The earliest carcinogen was discovered in 1911 by Peyton Rous, who described the viral origin of avian sarcoma (for more information check out this great story by Jessica Wapner). In 1964, Burkitt lymphoma was linked to the Epstein-Barr virus. These results led to an rapid increase in the focus on viral carcinogenesis with the idea that a vaccine could prevent cancer. This focus came at the cost of other ideas about the causes of cancer. Unfortunately, Human papillomavirus (HPV) and Hepatitis (HepB and C) have been the only other viral carcinogens identified.

The second idea was that chemicals cause cancer. Lung cancers became increasingly common in the late 1940s. Epidemiological studies showed links between cigarette smoking and lung cancer, but tobacco companies obfuscated the results. In 1964, scientific links between cigarettes and lung cancer were firmly established thanks in part to the Kennedy administration's blue ribbon panel tasked with investigating the matter. Once the epidemiological methods were established for tobacco, other chemicals were added to the carcinogen list.

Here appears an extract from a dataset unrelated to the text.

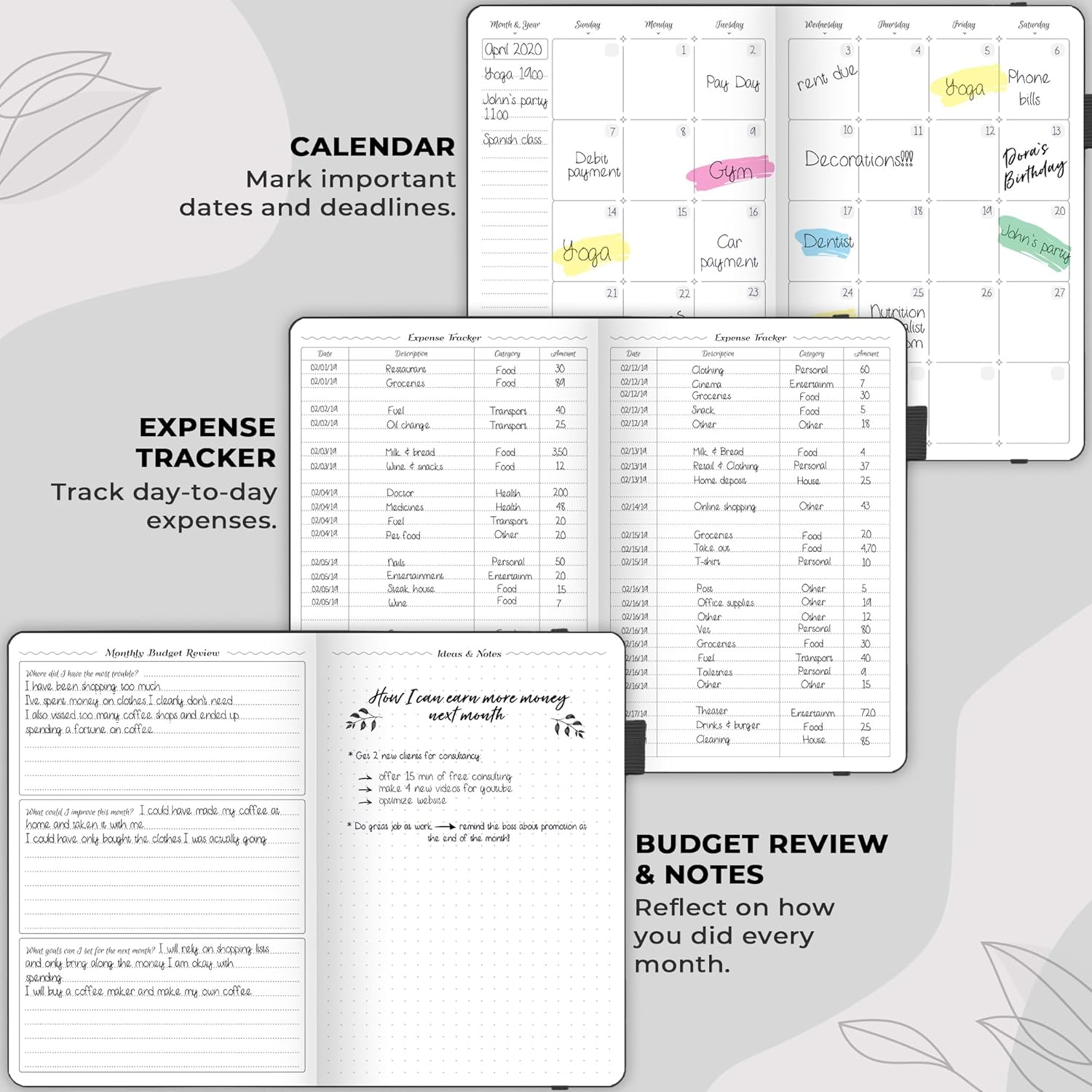 PERSONAL FINANCE & BUDGETING MADE EASY – Each month, set monthly goals, add reminders of upcoming purchases, bills and payments, make a monthly budget, and track your spending using a dedicated expense tracker.

The final idea was that genes caused cancer. The major breakthrough came from Michael Bishop and Harold Varmos, who were studying the Rous sarcoma virus. Their timing was perfect the tools of molecular biology were becoming readily available. Work from their labs led to the discovery of a gene called Src, the first described oncogene. The oncogene idea was that normal genes in our bodies that control cell growth can be turned on at high levels and cause cancer. Robert Weinberg later identified the first human oncogene, Ras. Dozens of other oncogenes were found in subsequent years, leading to optimism that the cure for cancer was surely close at hand. However, we have since learned that cancer is a complex disease (some argue a collection of diseases) with a diverse range of etiologies, which makes it impossible to treat with a one-size-fits-all approach.

Interspersed with the description of cancer research was a narrative of one woman's treatment for breast cancer. This story begins with a history of breast cancer treatment, including a discussion of William Halsted's radical mastectomy. As I covered in more detail in my recent post on Pandora's DNA, Halsted's method was the standard treatment for breast cancer for nearly a century. The success rate was not impressive, but the treatment approach was unchallenged until Bernard Fisher criticized its use. Fisher performed a clinical trial to compare the use of the lumpectomy with the radical mastectomy. In 1985, his results showed that either approach was just as effective, but that the lumpectomy was less invasive and led to improved quality of life. Radical mastectomy was no longer the standard therapy: "cutting more did not mean curing more".

The intention of this segment was to illustrate the personal side of cancer, but for me the link between the two segments was how the treatment of cancer has evolved in parallel with developments in cancer research. This highlights how basic scientific research is a critical starting point for successful clinical outcomes.